Its Happy Fathers Day! A day to celebrate these wonderful men who do their best to bring up the next generation. And it doesn’t matter whether they are still here in this life – or if they have passed on. Because being a Father is about family relationships; its about the influence that men have on their children and grandchildren – and that is something that endures long after a Father’s lifetime.
So while some of us are spending the day with our Dads, others might be raising a glass in his memory. They both count.
It sounds harsh – but I will be doing both. Because my Dad is a bit in between. He is ‘here’ but he isn’t. He is still my Dad – but not as I remember him.
My Dad has been stolen by Dementia. And he is not alone. In the UK there are probably over 300,000 men who are suffering with this heart-breaking condition.

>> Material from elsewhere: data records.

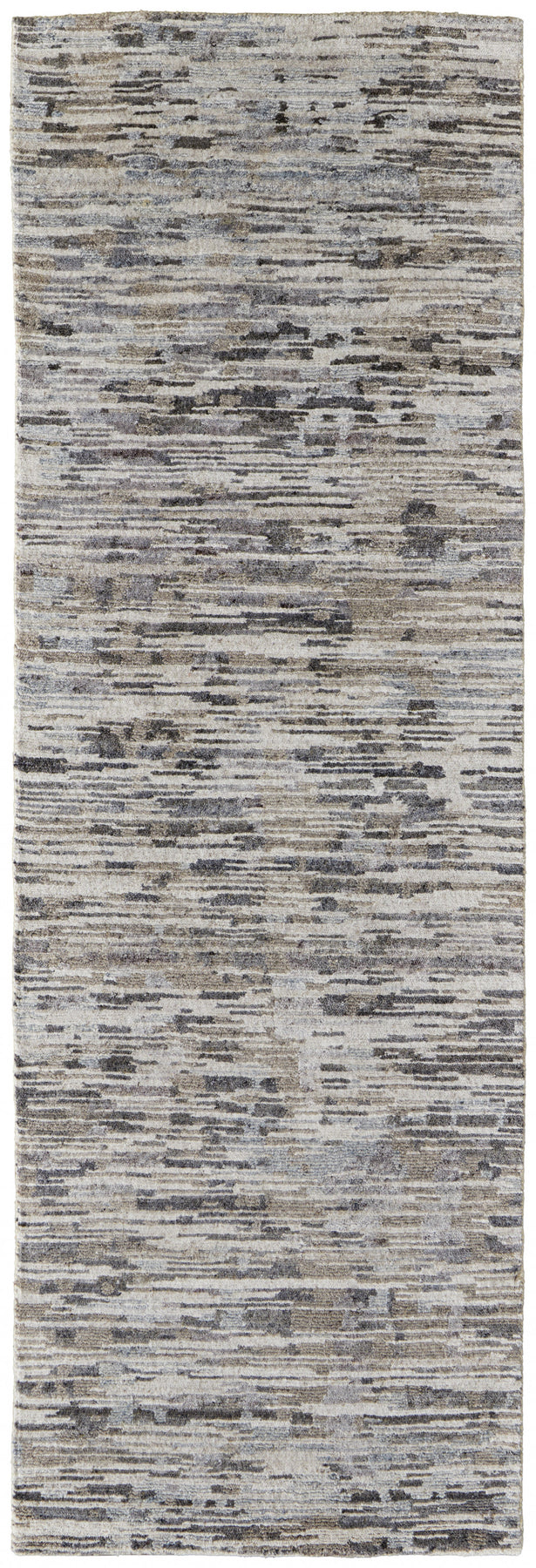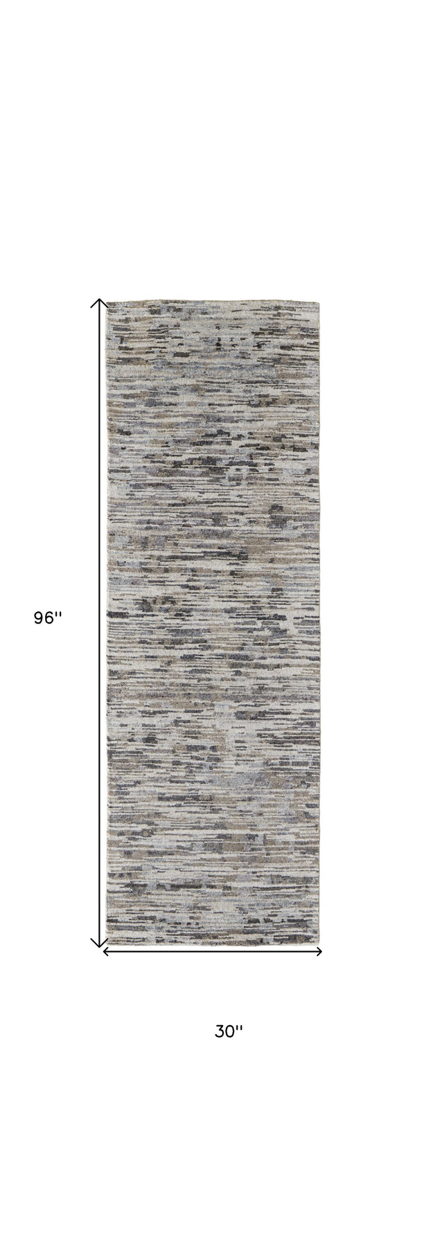Add some artistry to your room with this 8' gray blue and silver wool abstract hand knotted runner rug. This runner shaped rug features a abstract design in gray blue and silver to give it visual interest. A classic shape marries with good looking design for your space Crafted by skilled artisans, this hand knotted rug is genuine and unique. No two will be exactly alike. Area Rugs help to give warmth and sense of home to your space. 0.39" H x 30" W x 96" D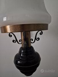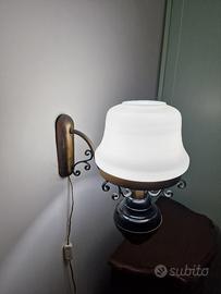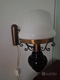 Lampada da parete (applique) in stile classico, vintage. La parte inferiore della lampada presenta un elemento ornamentale nero lucido dalla forma tondeggiante. Il paralume è in vetro bianco opalino, con una forma leggermente svasata verso il basso Num.pezzi 2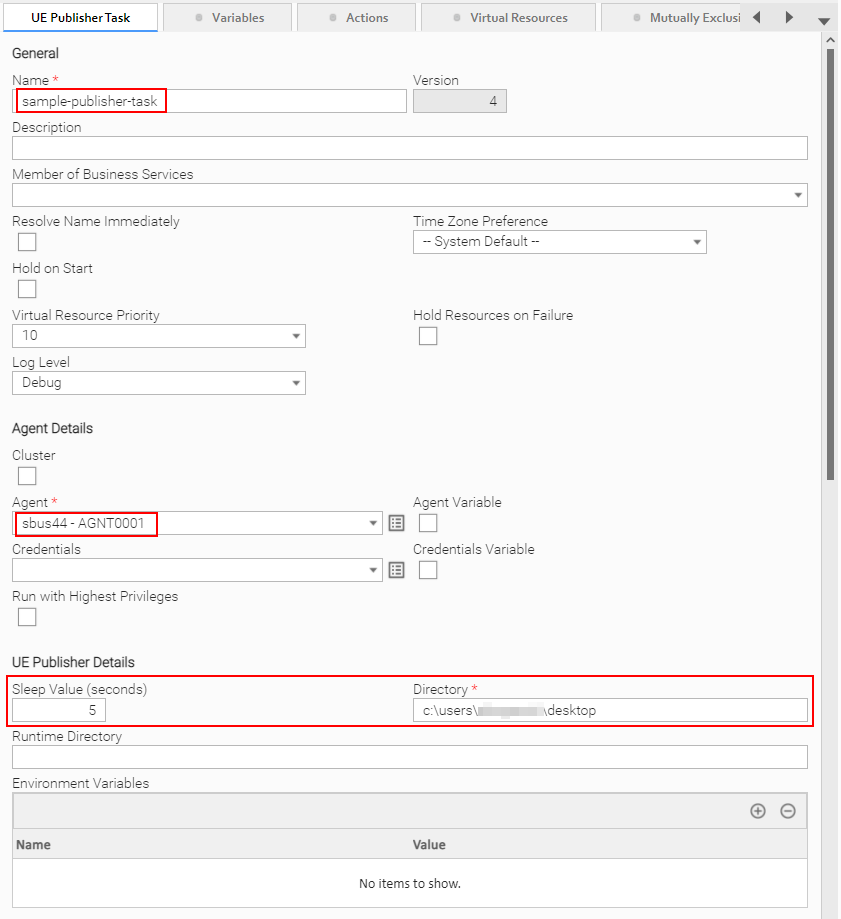 Step 5 - Create a task for the "UE Publisher" template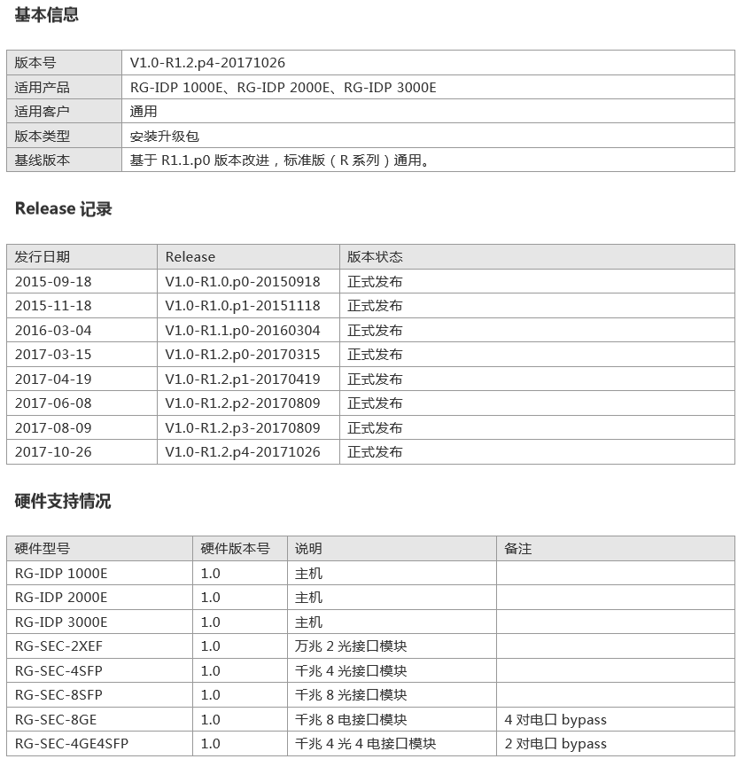 第二代RG-IDP 1000E/2000E/3000E系列入侵检测防御系统R1.2.p4-20171026版本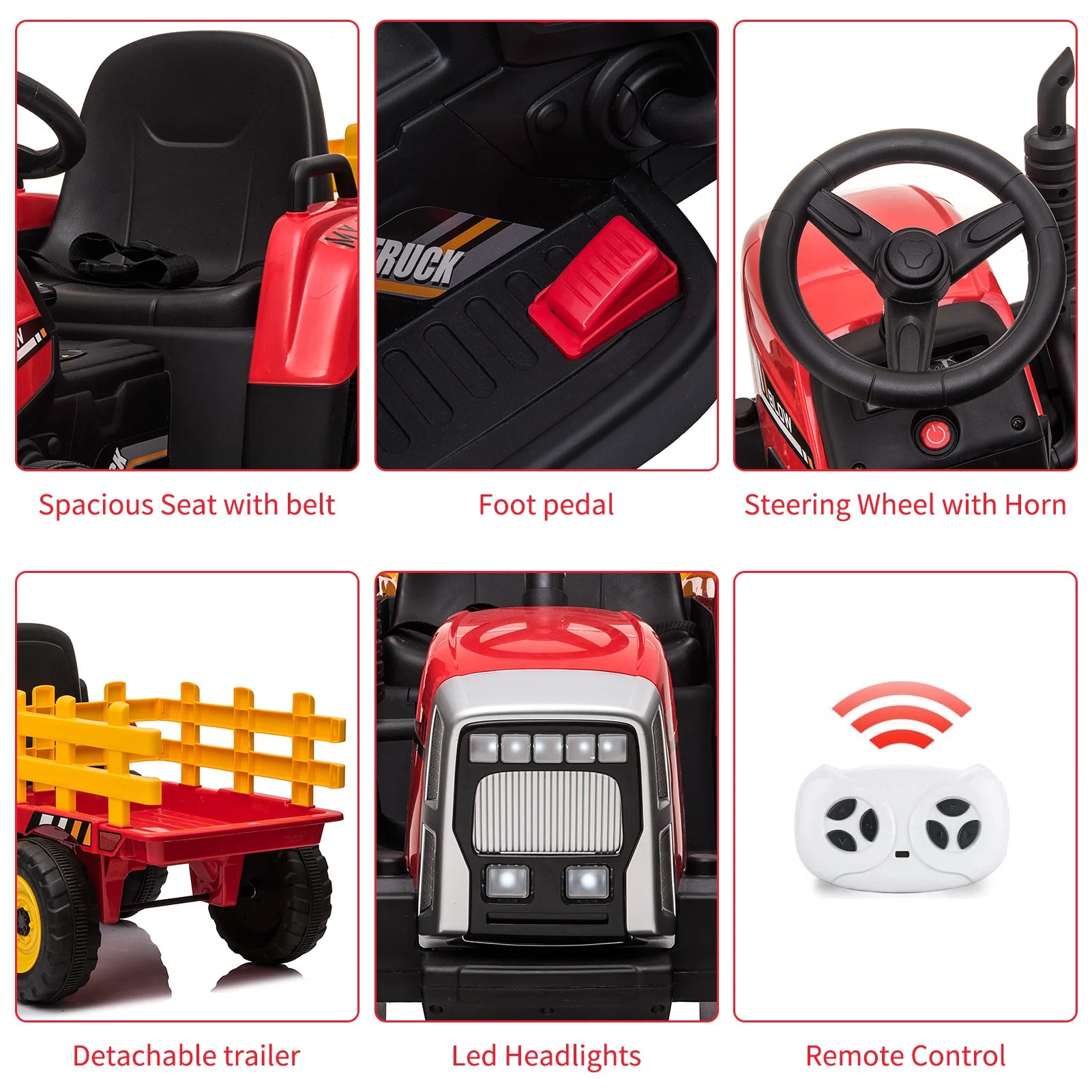 Kids Ride-On Electric Tractor with Remote Control & Trailer – 12V Battery 25w/35w, EVA Tires, Headlights & Bluetooth Music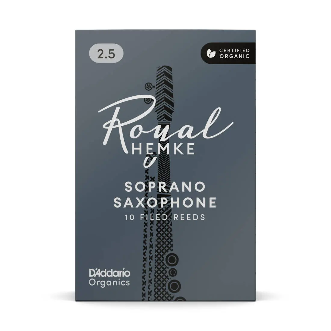 Royal Hemke Organic reeds feature a shorter vamp and thinner tip with a filed cut, producing a dark, rich tone with immediate response and flexibility for both classical and jazz players.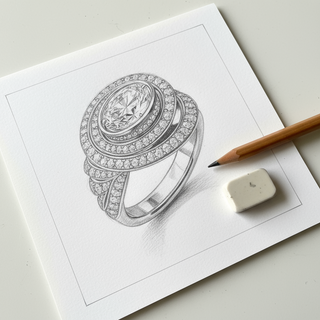 From this idea emerges a hand-drawn sketch, the first tangible expression of your jewel. The lines, proportions, and balance are refined until its essence is revealed.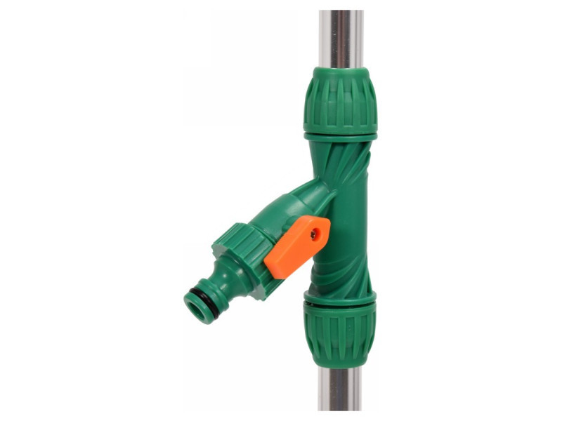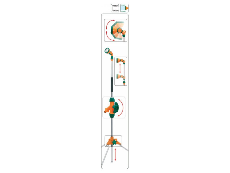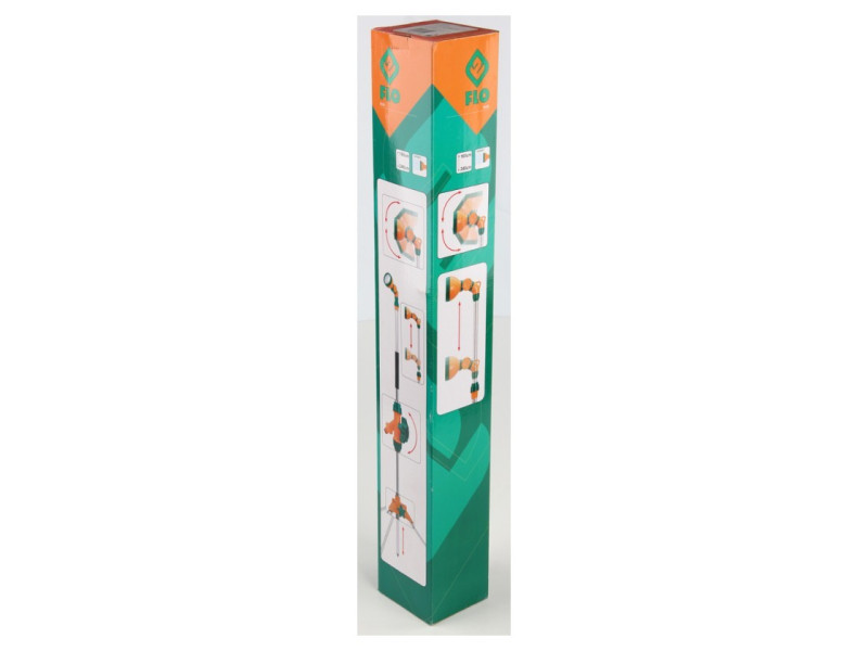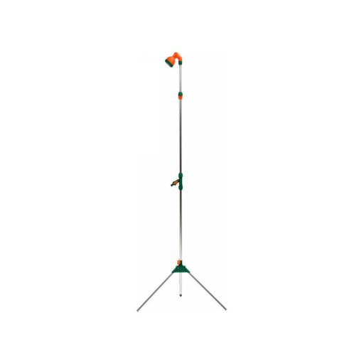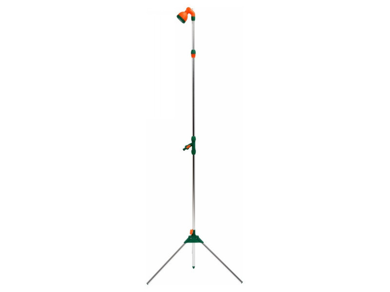 Könnyen telepíthető és egyszerűen használható FLO márkájú kerti zuhany, 1,65-2,40 m magasságban állítható.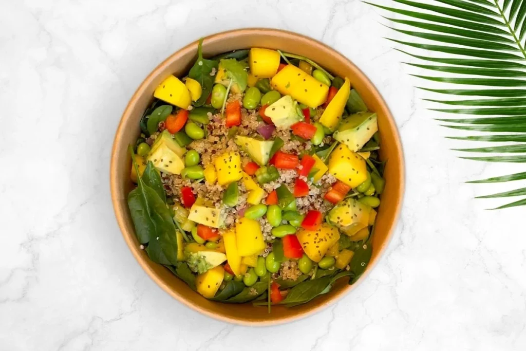 Baby spinach, mix quinoa, red capsicum, yellow capsicum, red onion, edamame, mango, avocado, chia seeds and parsley tossed with sweet lime dressing.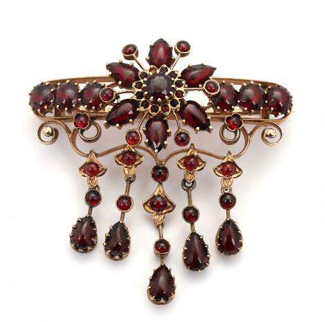 A garnet brooch set with numerous cabochon and pear-shaped garnets, mounted in 14k gold.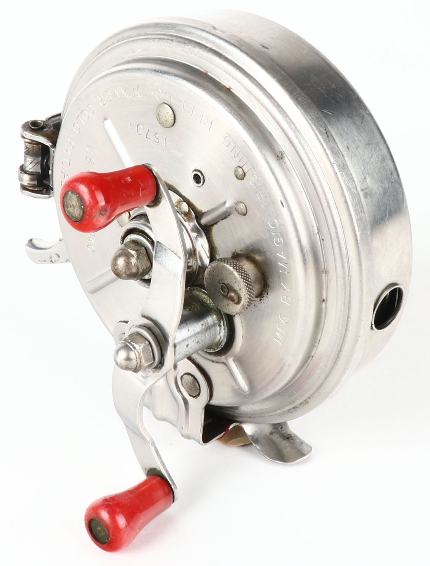 Magic Fishing Reel No 15704, Denver CO, dual red handles, works well. Grade: Excellent - Value: 10 to 50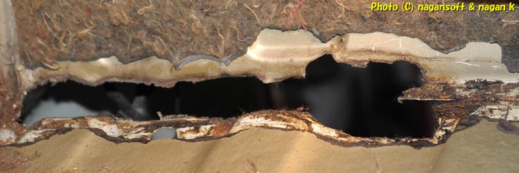 そして、この水の通り道の終点が、今回のサビ大穴箇所になります。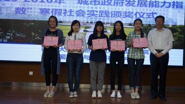 5月16日中午,2015-2016年“城市政府发展指数”寒假社会实践颁奖仪式在周恩来政府管理学院128教室隆重举行。本次颁奖仪式由翟磊老师主持,出席本次颁奖仪式的嘉宾有:南开大学副校长朱光磊,政府学院学院党委副书记奚先来老师,团委何志慧老师、陈佩其老师以及政府学院行政管理学系李晨光老师。会议首项议程是颁奖仪式,由奚先来老师宣读本次社会实践先进个人的获奖名单并主持颁奖仪式,朱光磊副校长为获奖同学颁发获奖证书,并与同学们合影留念。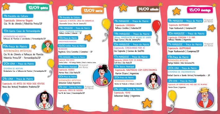 O evento vai reunir cerca de 40 artistas nacionais e internacionais, com uma programação diversificada que inclui apresentações circenses e teatrais, oficinas, debates, intervenções artísticas, e a tradicional palhaceata.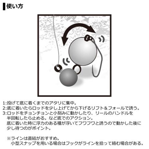 浮力のある種(玉の部分)が水底でフワフワと浮いて誘うルアー。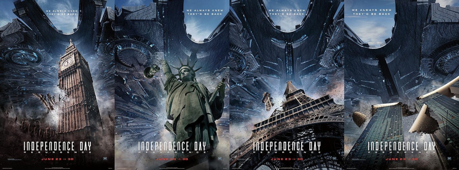 25/05/2016เปิดตัวใบปิดใหม่ เมื่อ 4 แลนด์มาร์คสำคัญทั่วโลกถูกโจมตี จากผู้รุกรานนอกโลก และตัวอย่างที่ 3 รอบนี้ให้ดูกันจุใจลากยาวเกือบ 5 นาที โชว์ฉากซีจีในระดับอลังการ ได้เห็นดาราจากภาคแรกกลับมากันเกือบครบ ขาดเพียง วิล สมิธ เรื่องราวภาคนี้ เล่าเหตุการณ์เมื่อโลกถูกรุกรานอีกครั้งจากมนุษย์ต่างดาว หลังจากชาวโลกเอาชนะมันไปเมื่อ 20 ปีที่แล้ว…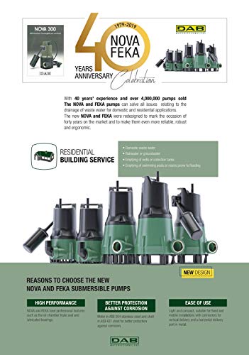 Nova è una pompa sommergibile per il drenaggio di acque chiare in ambito domestico e residenziale. Completamente ridisegnata nel 2019 per i quarant'anni di commercializzazione, ora è ancora più resistente, affidabile ed ergonomica nell'utilizzo. Nova può essere utilizzata anche per lo svuotamento di serbatoi o cisterne.

They may not recognise their own children on Fathers Day; they may need us to put the home made cake into their mouth; to hold a straw for them to wash down the wee whisky toast.
It would be easy to get depressed – and I often do get anxious about seeing my Dad disappear – but there is another side to it all. A surprisingly positive slant which, for me, means that Fathers Day is probably more meaningful than it has ever been! And here it is.
My dad was a man of his time. By that I mean that he raised his daughters the same way a labrador might raise its pups. In other words his priorities were based on making sure that we were warm, fed and out of harms way. All the other crazy stuff that comes with bringing up a family was firmly left to Mum!
The result of this traditional upbringing was that I was always much closer to my Mum. I loved my Dad but we had little in common and we did not seek each other’s company in any real sense. I sometimes felt a bit sad and guilty that we weren’t closer but it wasn’t really an issue – that’s just the way it was.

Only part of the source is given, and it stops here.